Register for a CSMC workshop
Inscribing Funerary Space(s)
When: Thursday, 30 March 2023, 9:30 am – Saturday, 1 April 2023, 2:00 pm CEST
Where: Warburgstraße 26, 20354 Hamburg, Room 0001 (Pavilion), and online
From antiquity to modern times, human beings have developed different attitudes toward death and different ways of performing mortuary practices and thus shaping privileged spaces. In almost every culture, written artefacts, which are extremely different in terms of materiality and function, are essential elements of structuring the funerary landscape.
From inscriptions carved or painted on the walls of funerary monuments to written artefacts accompanying the deceased in the long journey to the netherworld, they offer a glimpse not only into the lives of the individuals buried within these areas but also into how societies developed different cultural understandings of the mortuary space. In different ways, these written artefacts can be understood as valuable sources for understanding social and religious customs.
Various cultures over space and time perceive the necropoleis as intrinsically connected with the ‘space of the living’, a threshold between the world of mortals and the world of deities and spirits conceivable to the performance of a variety of ritual and social activities. On the other hand, other societies consider burial grounds as places of memory and sorrow that must necessarily be kept apart from the world of the living.
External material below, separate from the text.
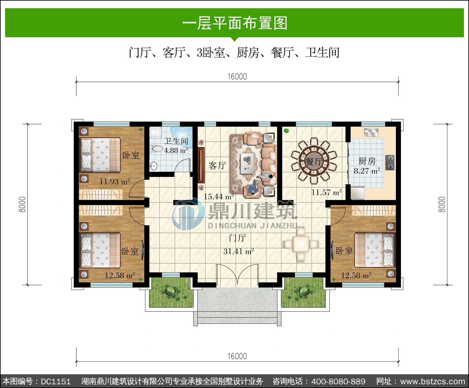 | 編號: DC1151 | 層數: 一層 | 結構形式: 磚混結構 | 主體造價: 18-23萬 |

The variety of approaches to the social understanding of the mortuary landscape has already raised numerous questions regarding the cultural and religious response to death in different cultures and times. In this workshop, we will concentrate on the role of written artefacts and analyse how they framed and structured the ‘cities of the dead’. We aim at opening an interdisciplinary dialogue meant to offer a cross-cultural perspective on the social understanding of the mortuary landscape as inscribed space.